The hydrogen ions ionized by water in the solution are 10-3, that is to say, the hydroxide ions ionized by water are also 10-3

This means that the ionization of water is moving forward, and there are two ways to move water forward, one is to reduce the concentration of hydrogen ions, and the other is to reduce the concentration of hydroxide ions, which means that there are two possibilities: the solution may be acidic or it may be alkaline.

In addition, just by looking at the 10-3 hydrogen ions ionized by water, it does not mean that there are 10-3 hydrogen ions in the water, and some of them may have been rereacted, and the same is true for hydroxide ions, so just looking at the 10-3 hydrogen ions ionized by water does not tell that the solution is acidic, and the solution may be acidic or alkaline.

First of all, you should understand that acids and bases inhibit the ionization of water, and the salts that can be hydrolyzed promote the ionization of water, and because the concentration of hydrogen ions and hydroxide ions ionized by water at room temperature is 1 10 -7, and now the concentration of hydrogen ions in the solution is greater than 1 10 -7, so there is a substance in the solution that promotes water ionization, which is a salt that can be ionized.

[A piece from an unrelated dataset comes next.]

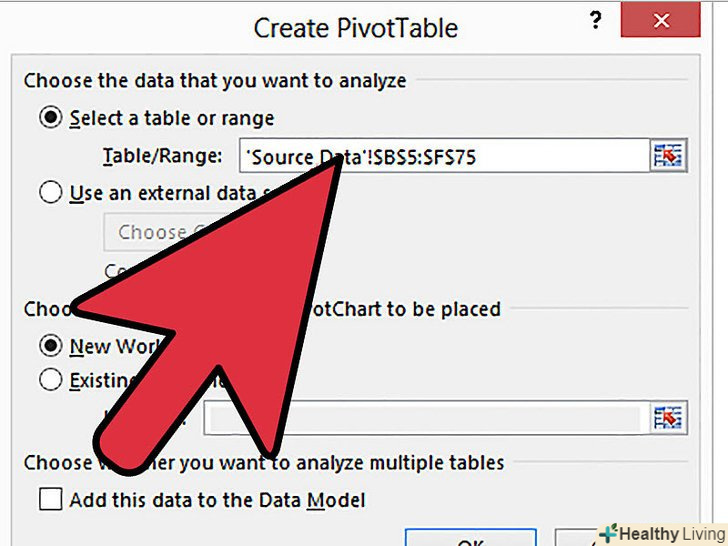 Встановіть діапазон для вашої зведеної діаграми. діапазон повинен бути таким же, який використовувався для створення зведеної таблиці.

Obviously, the ionization of water is promoted, and hydrochloric acid inhibits the ionization of water, right?

Why hydrochloric acid? There are many kinds of acids

First: the mass mixing of the above substances and other substances, let their concentrations be: c(H2S) = C(Nahs) = A (mol L).

h2s = h+ hs- ka1=

Ignoring the H+ ions produced by water ionization, let the [H+] produced by H2S be x:

There is a-x x a+x on balance

Then: [h+][hs-] [h2s]=ka1

Due to the ionic effect, the ionization degree of H2S is smaller, so a-x a; a+x a is substituted into the above equation:

x*a/a=ka1

x= (mol/l)

So: [h+]=x= (mol l).

Again, find [S2-]: The S2- ion is a product of secondary ionization.

hs- = h+ +s2- (ka2= )

ka2 = [h+][s2-] / [hs-] =

Since the second step ionization is very small, it can be considered [H+] mol L); hs-] a (mol/l)

Then: [s2-] = *a (

*a ) mol/l)

The second question: the concentration of H2S at the mass concentration of the equivalent is A (mol L).

h2s = h+ hs- (ka1=；ka2=

Let [h+] be x (mol l).

At equilibrium, there are: a-x x x ignore secondary ionization due to ka1 ka2 and count as monoacid.

Then: x 2 ( a-x )=ka1 c ka1 , a-x a

x=√( a)

So: [h+]=x= ( a) (mol l).

Again, find [S2-]: In the same way, S2- ions are the product of secondary ionization.

hs- = h+ +s2- (ka2= )

ka2 = [h+][s2-] / [hs-] =

Since the second step ionization is very small, it can be considered [H+] Hs-].

Then: [s2-] ka2= (mol l).

Conclusions: 1. [H+] The former is smaller than the latter. (Due to the homoionic effect, the concentration of hydrogen ions is greatly reduced.) ）

2. [S2-] The former is larger than the latter. (Since the secondary ionization is very small, the concentration of S2- ions is determined by the concentration of Hs- ions, and the former has a large amount of NaHs, which greatly increases its ionization).